Paragraphs 4.12 to 4.16

  26. Plans to promote railways, including a Strategic Rail Authority with a remit to include freight interests could be of value, although the comments about extra quangos in paragraph 25 above should be borne in mind. We welcome the fact that there have been reopenings of railway stations—43 new stations opened by Railtrack since being separated from British Rail ("Groups push to keep rail line reopenings rolling", Charles Batchelor, FT, 17 September 1998, page 9). We must still keep things in perspective in the near future, before expecting that more people will voluntarily start using some of the more crowded commuter lines as an alternative means of travelling to and from work.

Paragraphs 4.92 to 4.99

  27. Our August-September transport survey of IoD members asked for our members' views about congestion charges.
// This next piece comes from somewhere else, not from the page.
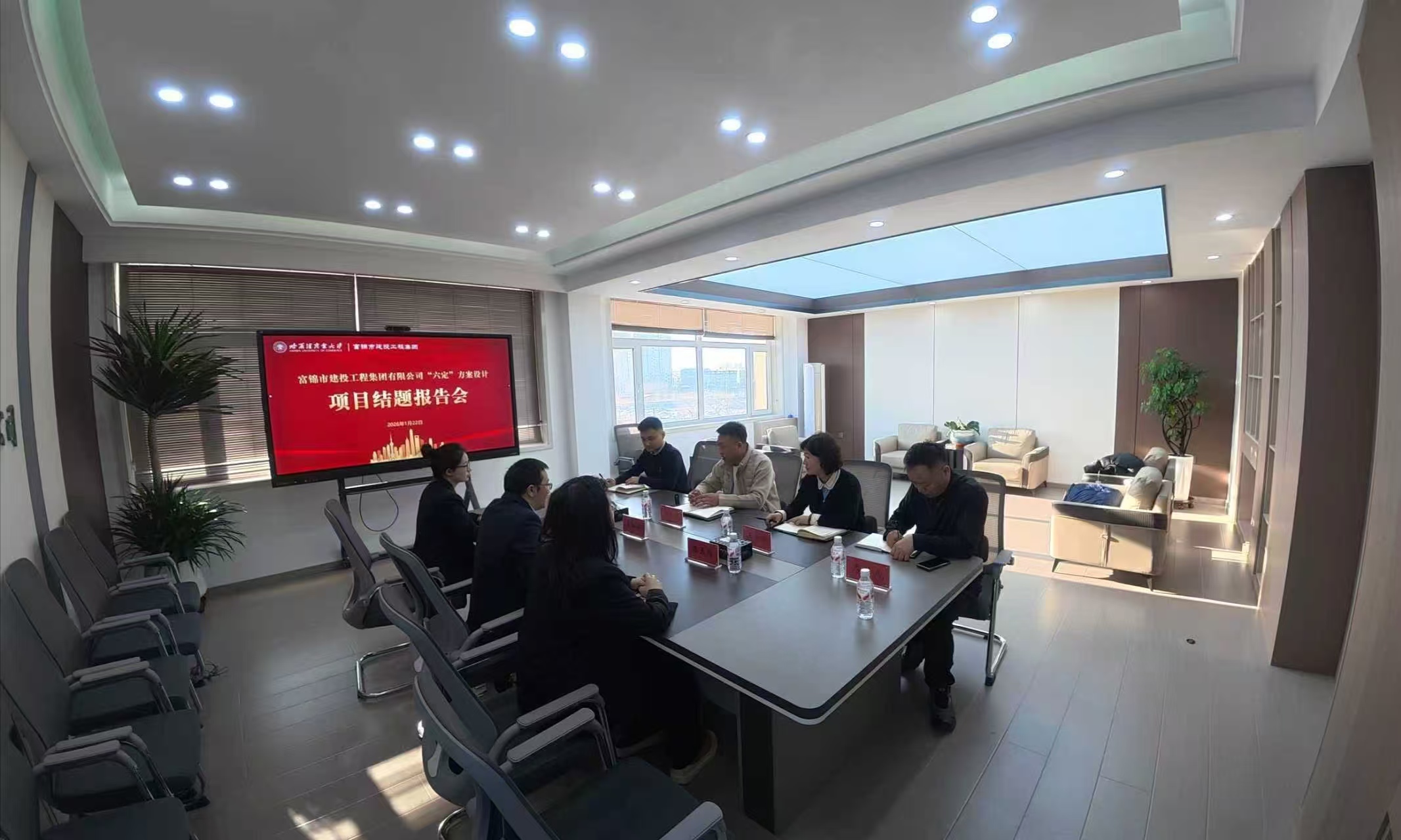 1月23日,课题组第二站与富锦市建投工程集团有限公司召开“六定”方案设计项目结题报告会暨校企合作交流。富锦市建投工程集团有限公司董事长兼总经理马恩华、副董事长王冬玲、综合管理部部长厚学成、党群部负责人徐义钊,我校商务学院“六定”方案课题组成员参加会议。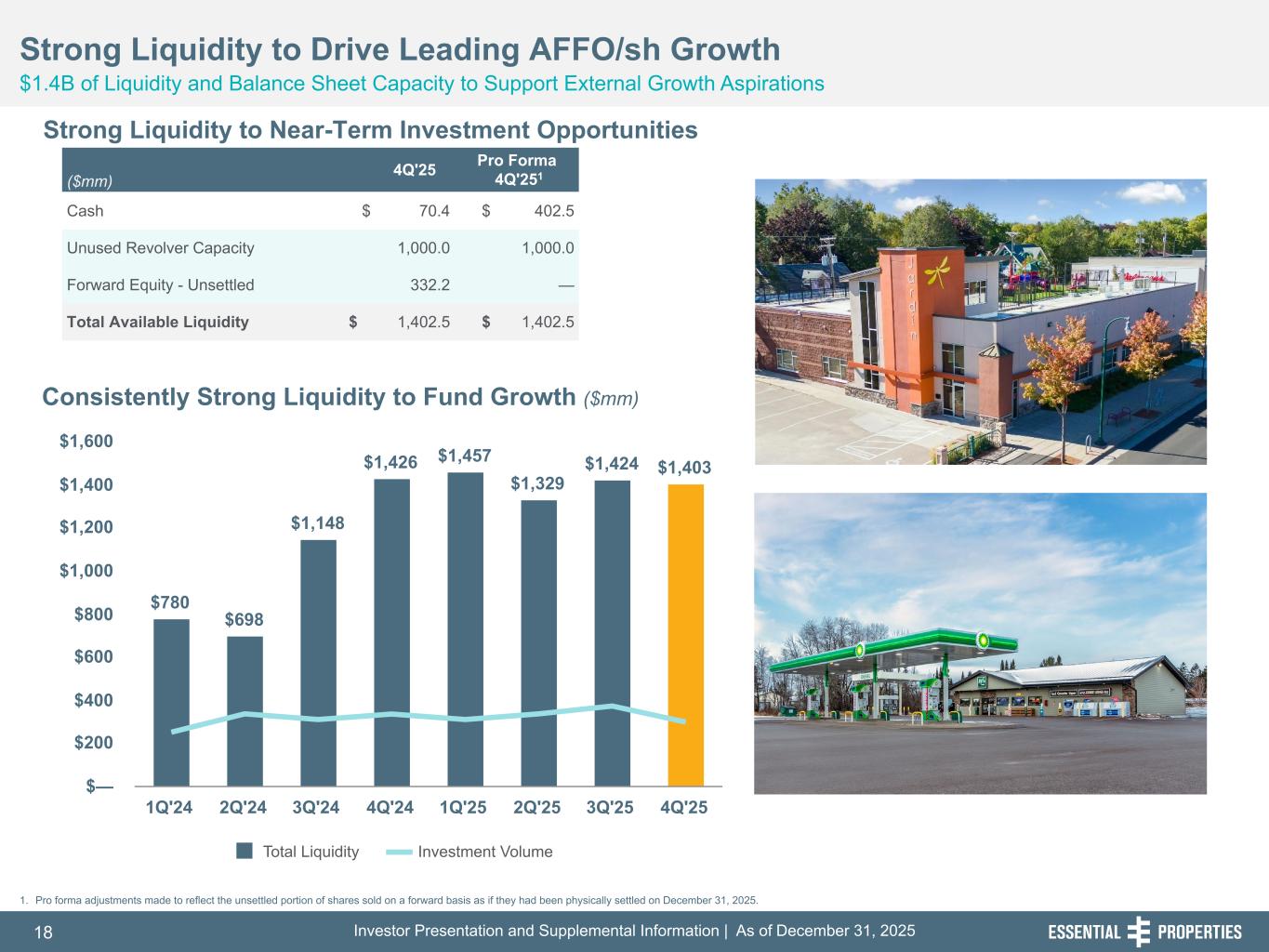 Investor Presentation and Supplemental Information | As of December 31, 202518 254, 192, 59 75, 108, 127 146, 204, 238 0, 0, 0 38, 169, 224 153, 223, 227 Consistently Strong Liquidity to Fund Growth ($mm) Strong Liquidity to Drive Leading AFFO/sh Growth $1.4B of Liquidity and Balance Sheet Capacity to Support External Growth Aspirations 242, 242, 242 ($mm) 4Q'25 Pro Forma 4Q'251 Cash $ 70.4 $ 402.5 Unused Revolver Capacity 1,000.0 1,000.0 Forward Equity - Unsettled 332.2 — Total Available Liquidity $ 1,402.5 $ 1,402.5 1. Pro forma adjustments made to reflect the unsettled portion of shares sold on a forward basis as if they had been physically settled on December 31, 2025. Strong Liquidity to Near-Term Investment Opportunities $780 $698 $1,148 $1,426 $1,457 $1,329 $1,424 $1,403 Total Liquidity Investment Volume 1Q'24 2Q'24 3Q'24 4Q'24 1Q'25 2Q'25 3Q'25 4Q'25 $— $200 $400 $600 $800 $1,000 $1,200 $1,400 $1,600

Survey findings are shown below.

Road traffic congestion charges: directors' opinions

OpinionProportion of total
Per cent

Support strongly12
Support31
Neither support nor oppose12
Oppose19
Oppose strongly25

2,031 IoD members, excluding those who did not know and non-respondents. Total not 100 per cent because of rounding.
Source: IoD Policy Unit, survey of August—September 1998.


  IoD members were almost evenly split on this; there was no statistically significant difference, with about 43 per cent supporting and 44 per cent against. Thus there would appear to be some merit in further investigating the idea. We would certainly want to be consulted about any proposals for practical implementation of any road user charging schemes, as mentioned in paragraph 4.98 of the White Paper.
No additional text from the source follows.